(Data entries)
————

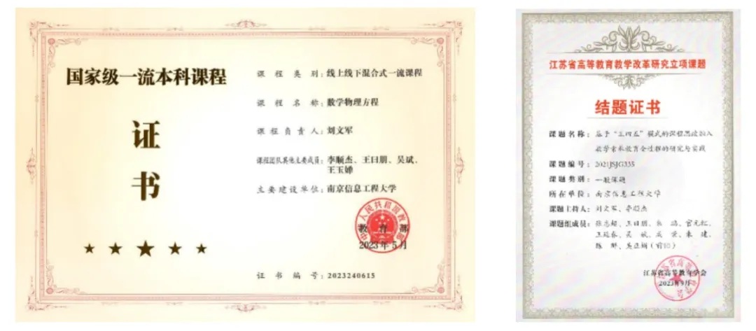 爱爱岗敬业,积极投身教学工作,承担多门本科课程的教学工作。其中,作为《数学物理方程》课程组核心成员,始终以提升教学质量为己任,借助慕课积极进行线上线下混合课程建设,获得显著成效,于2023年获批国家级一流本科课程(排名第二)。在教学实践中,持续推进教学改革研究,开展课程思政建设工作,加强专业教学与课程思政的科学融合。共同主持的“基于‘三四五’模式的课程思政融入数学素养全过程的研究与实践”获批江苏省高等教育教学改革研究课题并于2023年顺利结题。
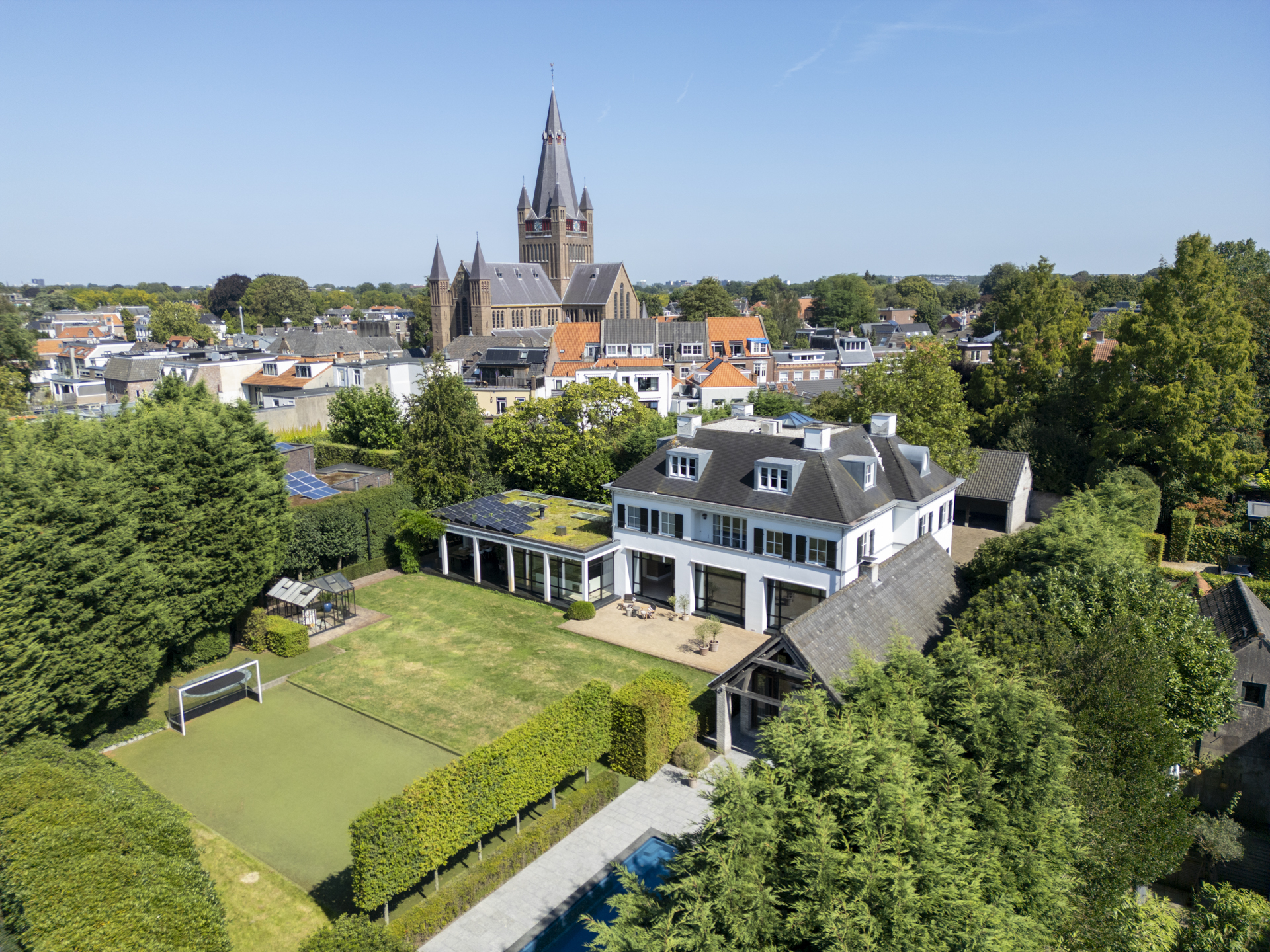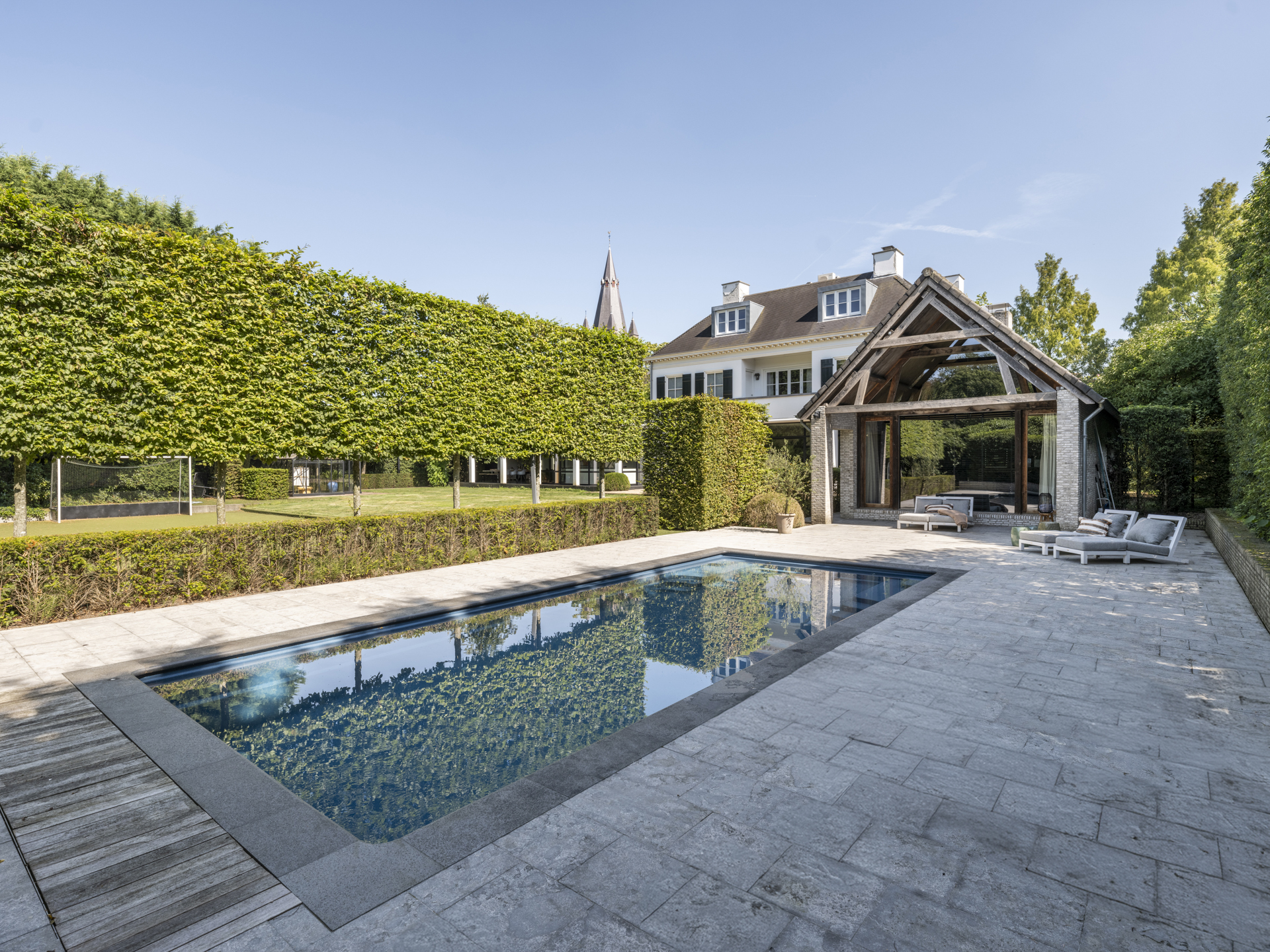 Villa Breda sits discreetly within walking distance of Ginnekenmarkt, the Mastbos, and Markdal, embodying understated grandeur through a fusion of classical and modern architecture. This 850 m² villa for sale in Breda, constructed in 2011, is nestled behind gates in a private courtyard, shaded by plane trees, where a carriage house accommodates four cars and a wooden shed completes the arrival sequence. On a 3,188 m² secured plot, the home offers an atmosphere of cultivated seclusion, heightened by a lush garden, a private swimming pool, and a synthetic grass hockey field, seamlessly blending outdoor leisure with elegant living.
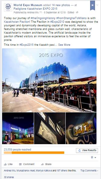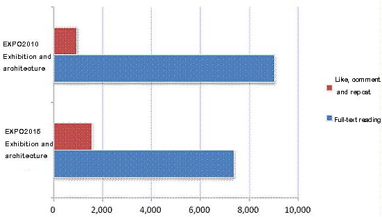 As of Sept. 8, this kind of report form had produced a positive influence in the park. Take "Italy Pavilion" of "The Marching History: From Shanghai to Milano" published on Facebook as an example, the User Reach had exceeded 250,000 and the fans interacted and responded enthusiastically, which were acknowledged and appreciated by the organizing committee and the exhibitors. (9/9/2015)
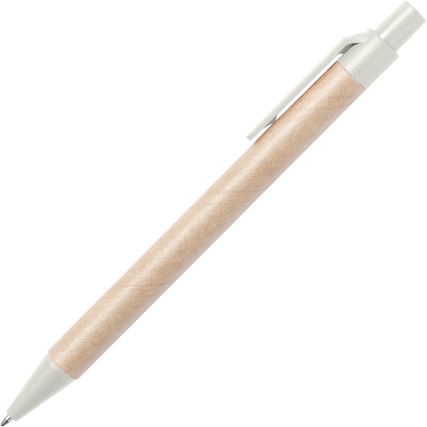 Stylo écologique fabriqué à partir de papier recyclé et de plastique de paille de blé. Le stylo est doté d'une cartouche d'encre bleue.
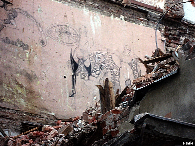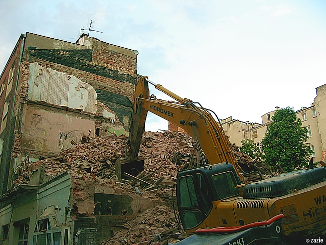 chmielna. koparka weszła w szkodę. niedobra-niegrzeczna. płaczą tapety z trzeciego piętra i freski z drugiego.
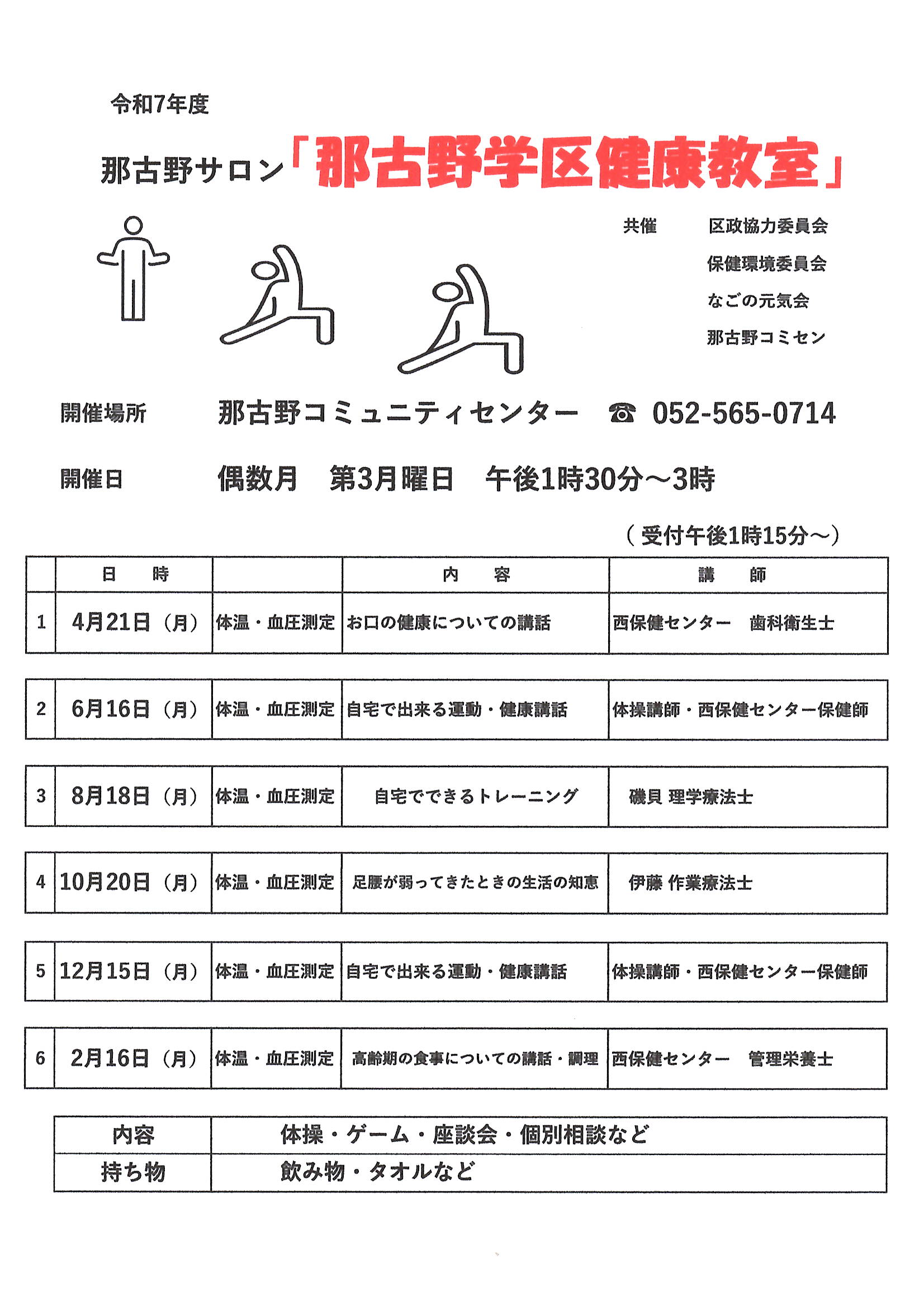 - 2025/09/22 区政協力委員会 令和7年度「健康教室」の予定表を更新しました。
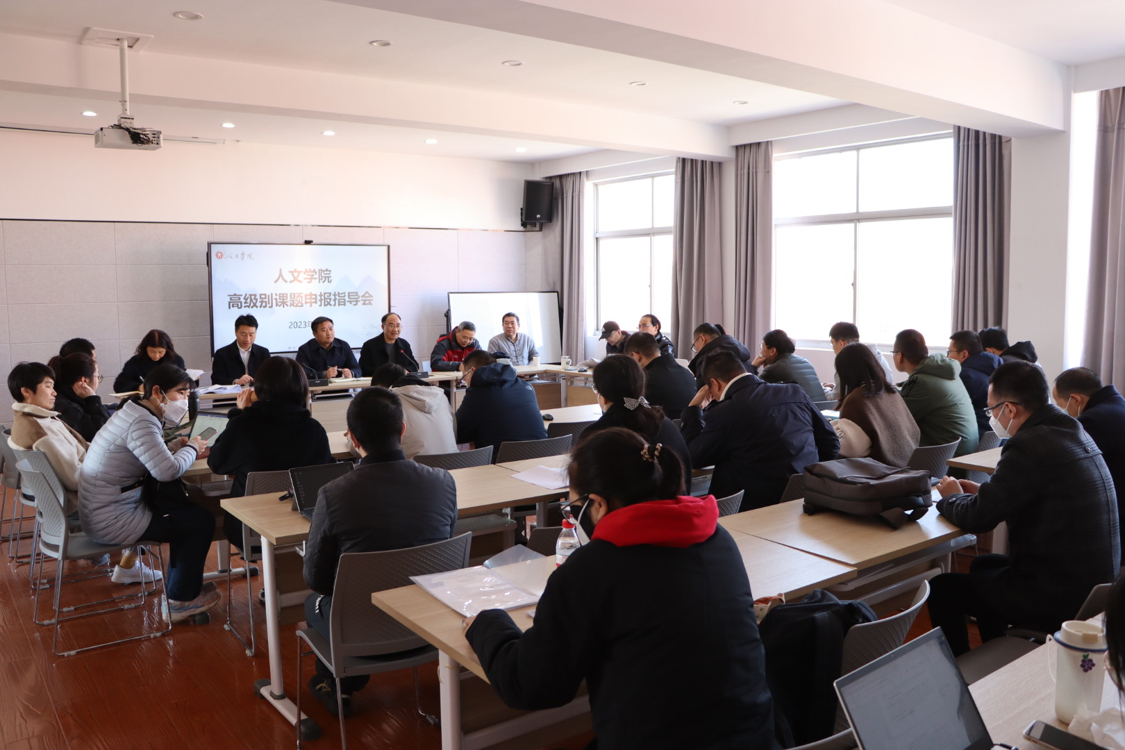 2月15日下午,人文学院举办2023年高级别课题申报指导会。人文社科处处长高平、副处长阮冰琰出席会议,人文学院副院长陈隆升主持,三台学者张京华教授、颜翔林教授及人文学院的全体教授和博士参加会议。
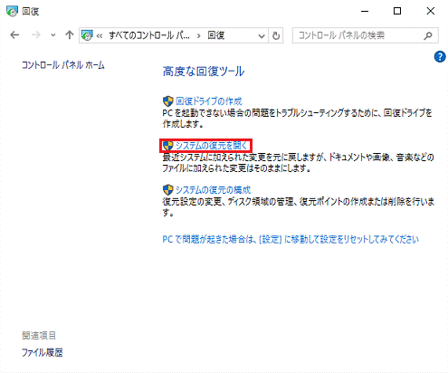 システムの復元を有効にする方法は、次のQ&Aをご覧ください。
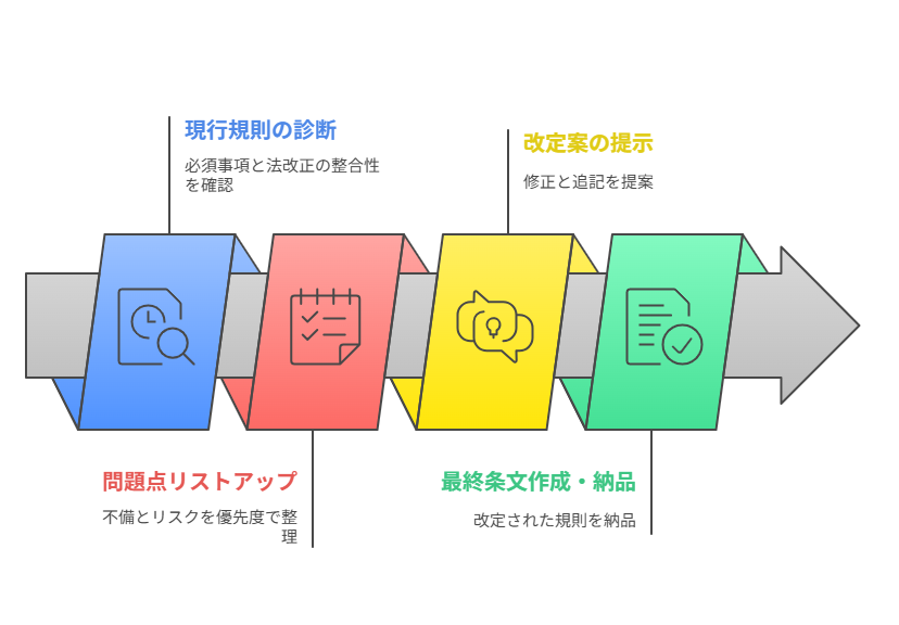 ここから スタンダードプラン(運用トラブルの整理・説明会支援)、プレミアムプラン(経営戦略・人材マネジメントと連動)へと発展させることで、単なる法令対応から「人を活かすルールづくり」へと進化できます。

————

*WHAT THE EXERCISE ASKS:*
Nothing but the lines from the one that holds "2月15日下午,人文学院举办" through the end of the data should appear, written out exactly, without pictures.

*ANSWER AREA:*
 2月15日下午,人文学院举办2023年高级别课题申报指导会。人文社科处处长高平、副处长阮冰琰出席会议,人文学院副院长陈隆升主持,三台学者张京华教授、颜翔林教授及人文学院的全体教授和博士参加会议。
 システムの復元を有効にする方法は、次のQ&Aをご覧ください。
 ここから スタンダードプラン(運用トラブルの整理・説明会支援)、プレミアムプラン(経営戦略・人材マネジメントと連動)へと発展させることで、単なる法令対応から「人を活かすルールづくり」へと進化できます。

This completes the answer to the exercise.